BIC.sample.classes <- read.table(
  file.path(dir["BICdata"], dataFiles["sample classes"]), 
  stringsAsFactors = FALSE, # Added by JvH 2020-07-24
  header = TRUE)
# dim(BIC.sample.classes)
# names(BIC.sample.classes)
# head(BIC.sample.classes)
# class(BIC.sample.classes$cancer.type)

## Define sample colors and 1-letter symbols
class.symbols <- c(
  "Basal.like" = "L",
  "HER2pos" = "H",
  "Luminal.A" = "A",
  "Luminal.B" = "B",
  "Unclassified" = "U"
)
BIC.sample.classes$symbol <- class.symbols[BIC.sample.classes$cancer.type]
table(BIC.sample.classes$symbol)


  A   B   H   L   U 
422 118  41 131 107

## Define a color for each cancer class and assign colors to samples accordingly.
class.colors <-  c(
  "Basal.like" = "brown",
  "HER2pos" = "darkgreen",
  "Luminal.A" = "blue",
  "Luminal.B" = "violet",
  "Unclassified" = "grey"
)
BIC.sample.classes$color <- class.colors[BIC.sample.classes$cancer.type]


## Load differential expression analysis results from DESeq2
BIC.deg <- read.table(file.path(dir["BICdata"], dataFiles["DEG table"]),
                      header = TRUE)
# head(BIC.deg)

#### Reorder samples in order to group them by class ####
sampleNamesByClass <- rownames(BIC.sample.classes)[order(BIC.sample.classes$cancer.type)]
length(sampleNamesByClass)

[1] 819

BIC.expr <- BIC.expr[, sampleNamesByClass]
BIC.sample.classes <- BIC.sample.classes[sampleNamesByClass, ]

kable(dataFiles, col.names = "File", caption = "Data files")

Data files
	File
expression	BIC_log2-norm-counts_edgeR_DEG_top_1000.tsv.gz
sample classes	BIC_sample-classes.tsv.gz
DEG table	BIC_edgeR_DEG_table.tsv.gz

The expression file contains 1000 rows (genes) x 819 columns (samples).
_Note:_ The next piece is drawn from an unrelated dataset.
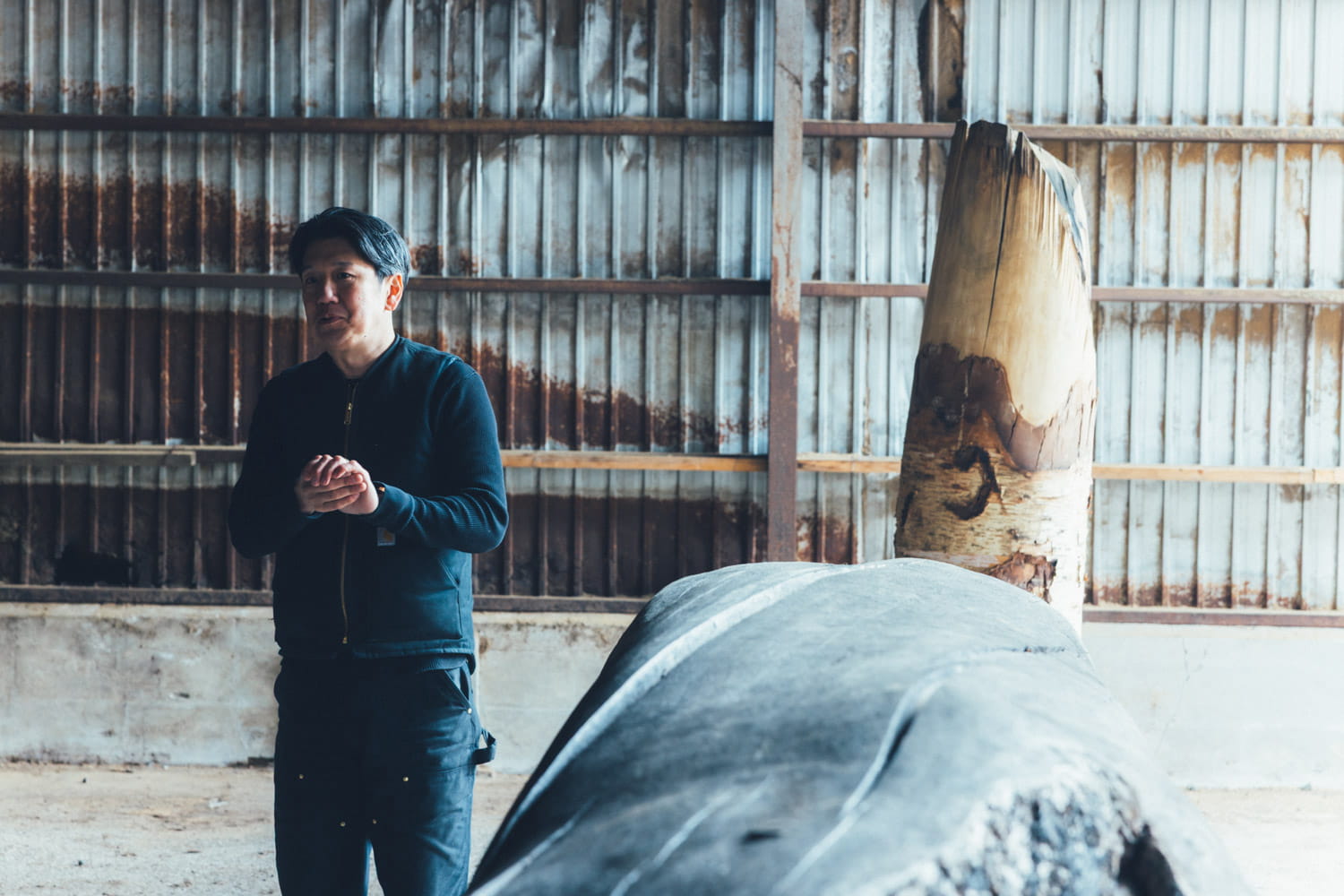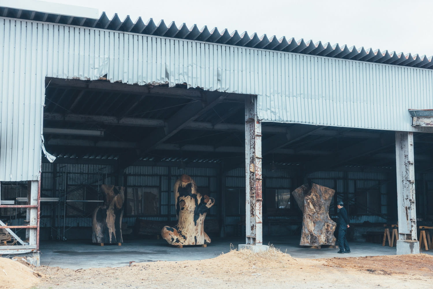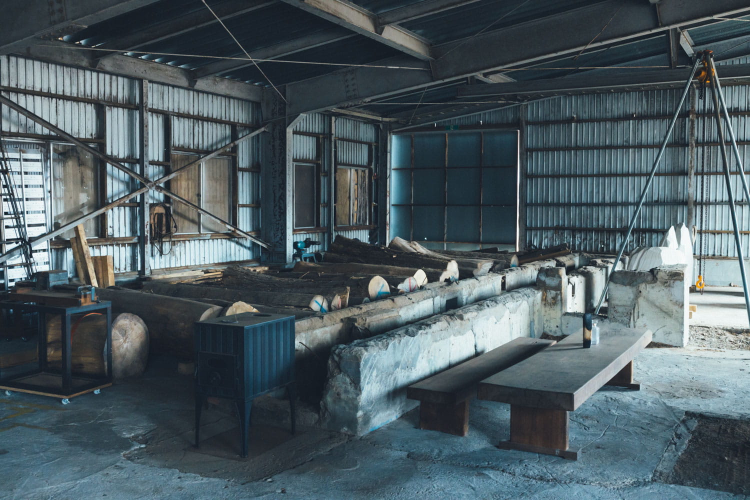 国松さんの拠点「飛生アートコミュニティー」の隣には、制作スタジオ「BLACKBIIRD STUDIO」も。1年半ほど前に古い整備工場を譲り受け、大型の彫刻制作などに使っている

The sample description table contains 819 rows (samples) x 6 columns (description fields). The first column indicates the cancer type, and the three following one indicate the values (positive/negative) for three marker genes used as diagnostic markers for the cancer type (ER1, PR1 et Her2).

kable(head(BIC.sample.classes, n = 5), caption = "First rows of the sample description table. ")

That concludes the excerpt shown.